Three-phase flow is present in many oil recovery processes of interest to the oil industry. It occurs in processes such as primary production below bubble point pressure in reservoirs with water drive, in gas or water alternating gas (WAG) injection into waterflooded reservoirs, in thermal oil recovery, and in surfactant flooding. Despite its common occurrence, our ability to reliably model three-phase flow using numerical simulation is questionable. This paper shows the importance of three-phase flow at typical oil field conditions. It also shows the uncertainties in the predictions of oil recovery due to the three-phase relative permeability model.
Numerical simulations of immiscible gas and WAG injection into a waterflooded one eighth of a five-spot were performed to determine the importance of the three-phase flow at conditions that are of interest to the oil industry. Consistent oil-water imbibition and oil-gas drainage relative permeability and capillary pressure were derived for this purpose, including a new form for imbibition capillary pressure.
Dimensionless scaling groups for three-dimensional three-phase flow in porous media were developed. The scaling groups were used to design simulations at various conditions of gravity, viscous and capillary force interactions. In addition, several simulations were made to determine the uncertainty of the results due to the model for three-phase relative permeabilities.

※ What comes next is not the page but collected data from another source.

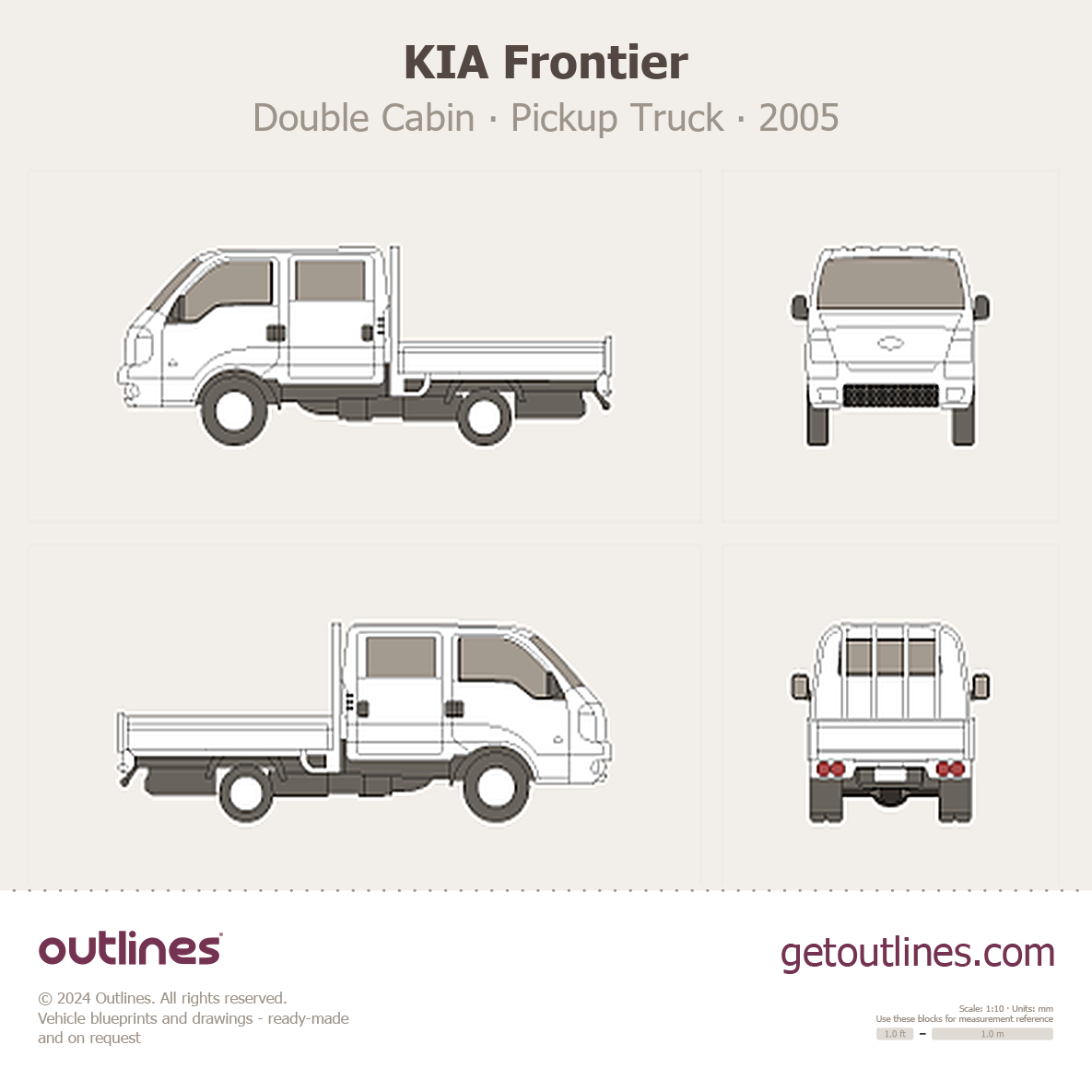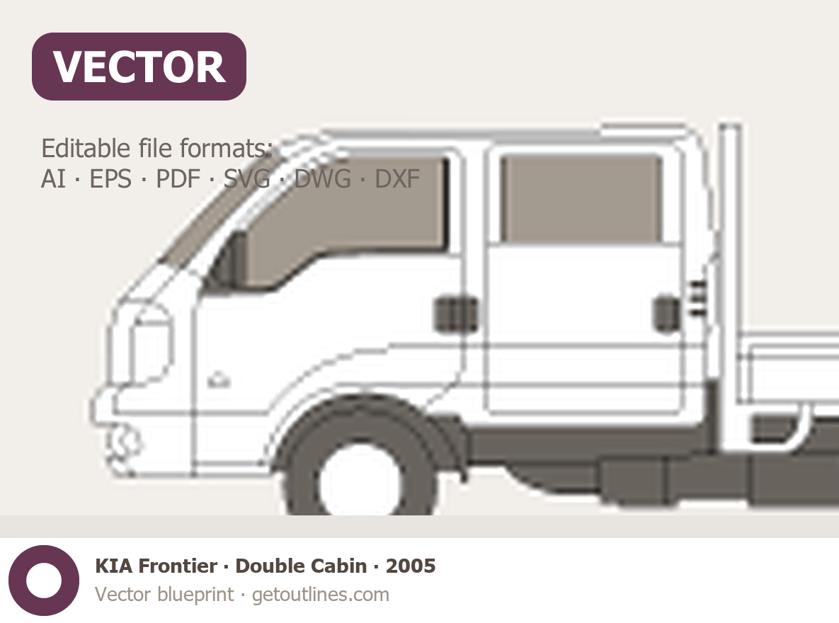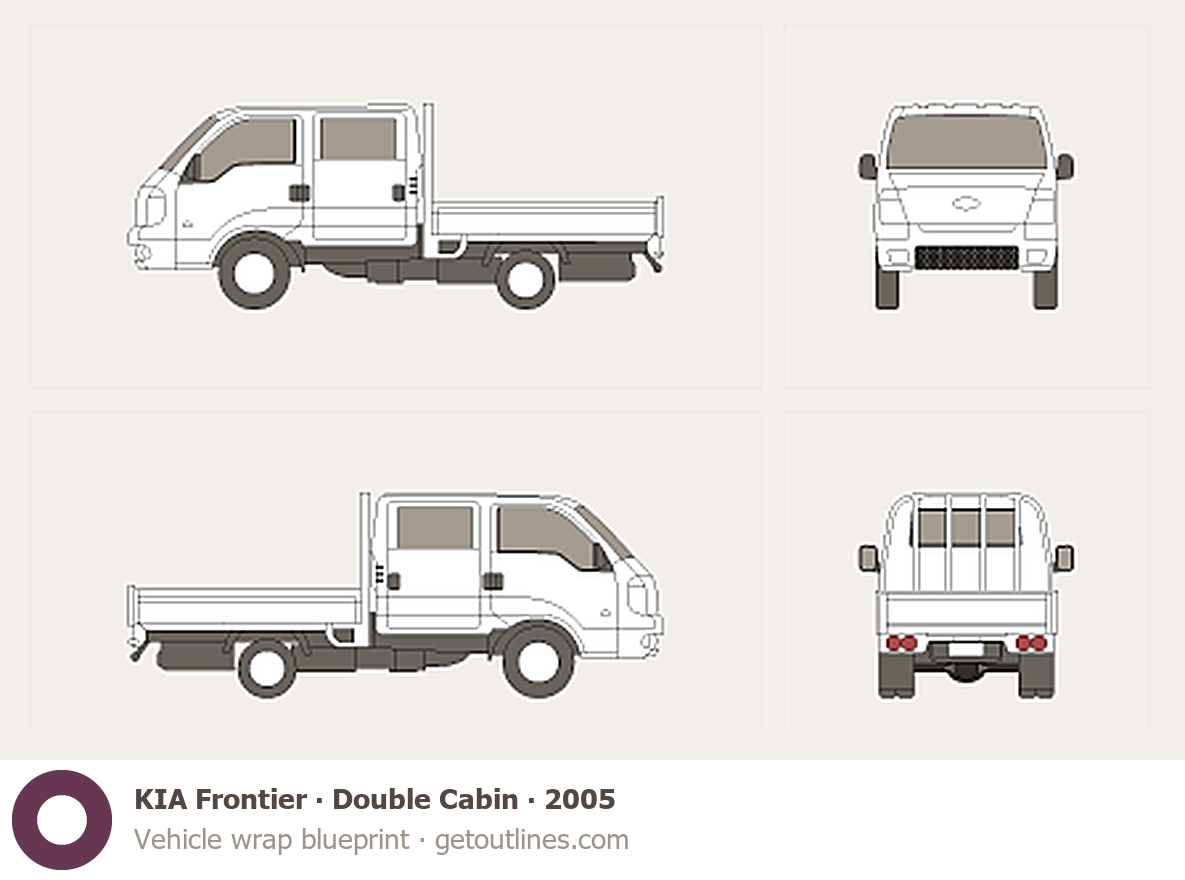 This 2005 KIA Frontier Double Cabin Pickup Truck blueprint helps designers, wrap studios, and 3D artists simplify their workflow and save valuable time for creative work instead of routine tasks.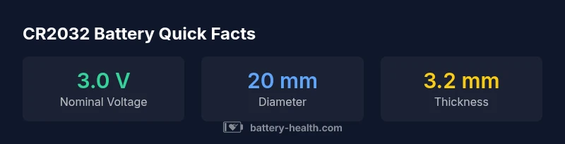 CR2032 is a standard 3-volt lithium coin cell widely used in key fobs, medical devices, wearables, and small electronics. For a typical car or home-key fob, the CR2032 offers a balance of compact size and energy capacity that allows many months to years of operation between replacements. The Battery Health team notes that the chemistry enables stable power delivery with low self-discharge, which reduces routine maintenance and battery-related failures. When you handle a CR2032 battery for your key fob, you should ensure you are using a genuine CR2032 rather than a close-size substitute, as even a small deviation in thickness or chemistry can impair fit or performance. In practice, many manufacturers specify the coin cell type (CR2032) in the owner’s manual or on the fob’s packaging, making it easier to source the correct part. For example, the cr 2032 battery for key fob powers the remote in many modern vehicles, and recognizing this standard helps you quickly source replacements.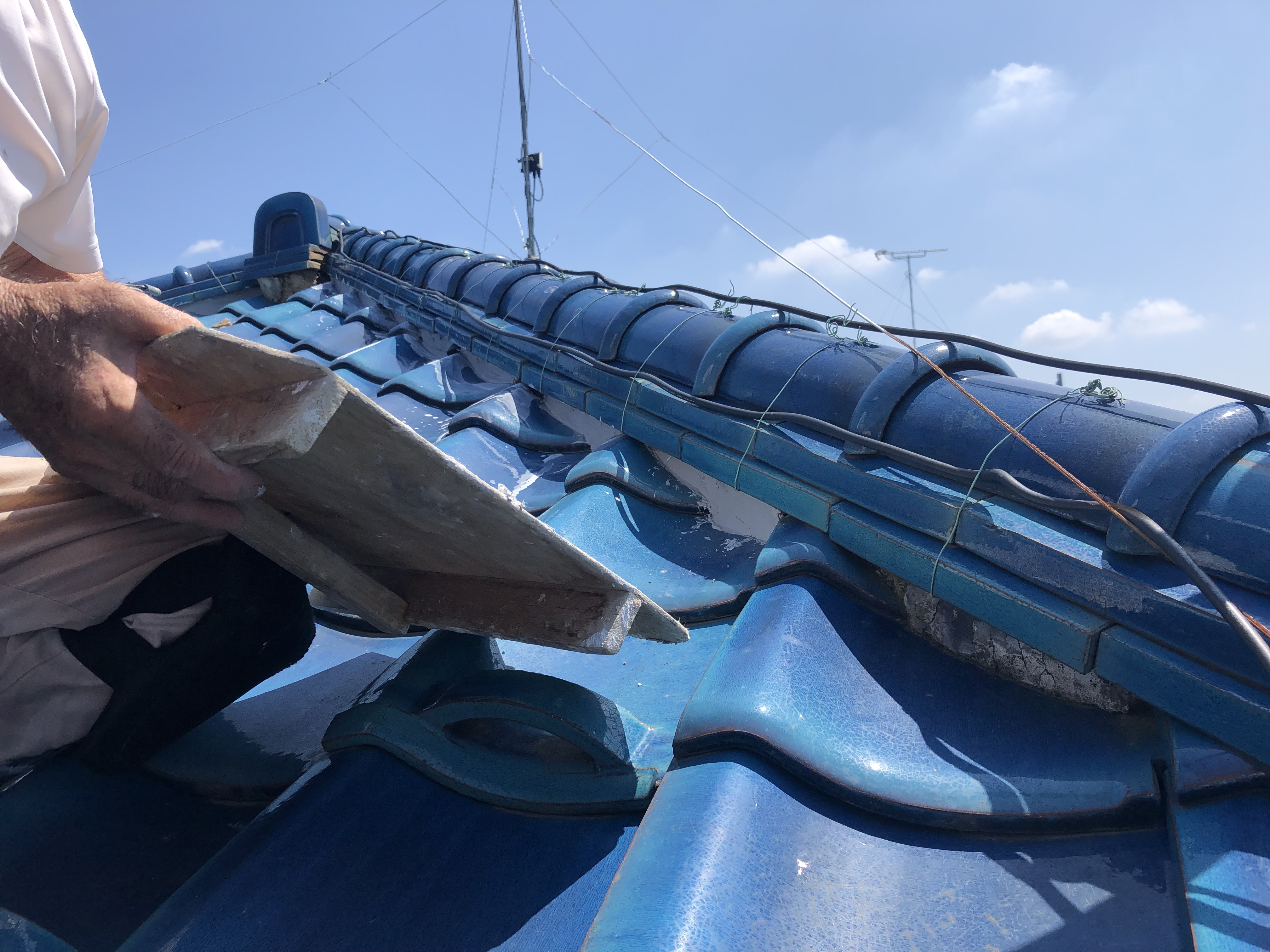 瓦屋根は留め付けを確認し、漆喰の補修を行いました。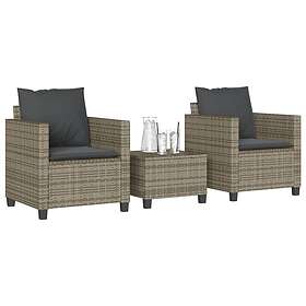 vidaXL Caféset med dynor 3 delar grå konstrotting 4003898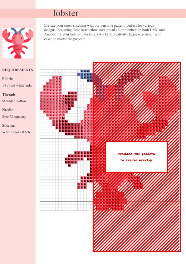 Stitch a charming coastal lobster with our easy-to-follow cross-stitch pattern! This downloadable PDF includes a detailed design, DMC & Anchor thread color keys, and is perfect for home décor, gifts, or personal enjoyment. Instant download! Bring a touch of the seaside into your home with this delightful pattern. Easy instructions for all skill levels.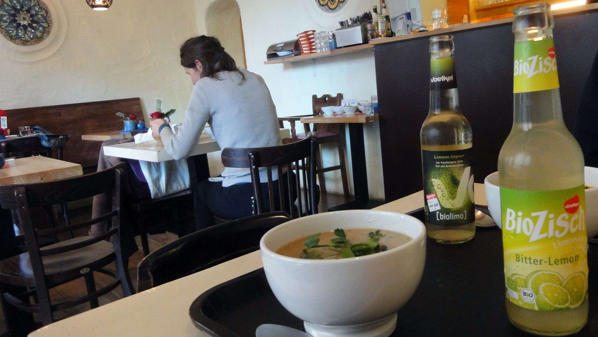 Dieser hatte den Laden im Februar wiedereröffnet, weil er ihn in den vergangenen Jahren so lieb gewonnen hatte. Der erste Eindruck: Hier ist alles irgendwie esotherisch, die Farben, der Buddha, die Gäste. Nicht ganz dazu passen wollen die Beschriftungszettel, zum Beispiel über dem Brotkasten. Aber als Orientierungshilfe sind sie akzeptabel. Auch die sehr akkurat gestapelten Servietten daneben fallen etwas aus dem Rahmen. Ich bestelle eine Kartoffelsuppe, das war das einzige Gericht an der Tafel, bei dem mir der Name was sagte. Dazu gibt es eine Bio-Limo.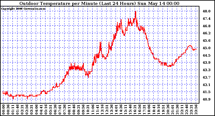 Milwaukee Weather -- 20060513 Outdoor Temperature per Minute (Last 24 Hours) -- From curtronics.com by Curt Blank

The results of this study show that there is a significant uncertainty associated with the selection of the three-phase relative permeability model for field scale simulations of gas and WAG injections. This uncertainty is translated into doubtful simulation results in terms of distribution of the fluids inside large volumes of the reservoir, total oil recovery, and fluids production rates. It is shown that additional oil recovery due to gas injection after a waterflood can be different by a factor of two depending on the model for three-phase relative permeability. It is also shown that the producing gas oil ratio (GOR) varies considerably depending on the model for three-phase relative permeability, while maintaining the same two-phase relative permeabilities. Accurate predictions of oil recovery in processes that exhibit three-phase flow need more rigorous models for three-phase relative permeability.
Large three-phase flow regions were present for most of the conditions simulated. The size of the three-phase flow regions ranged from 20% to 80% of the volume of the reservoir. The size of the three-phase flow region was a strong function of the kro model used. Thus, an argument asserting that only a small part of the reservoir is affected by the uncertainties in the three-phase relative permeability model is not supported by these results.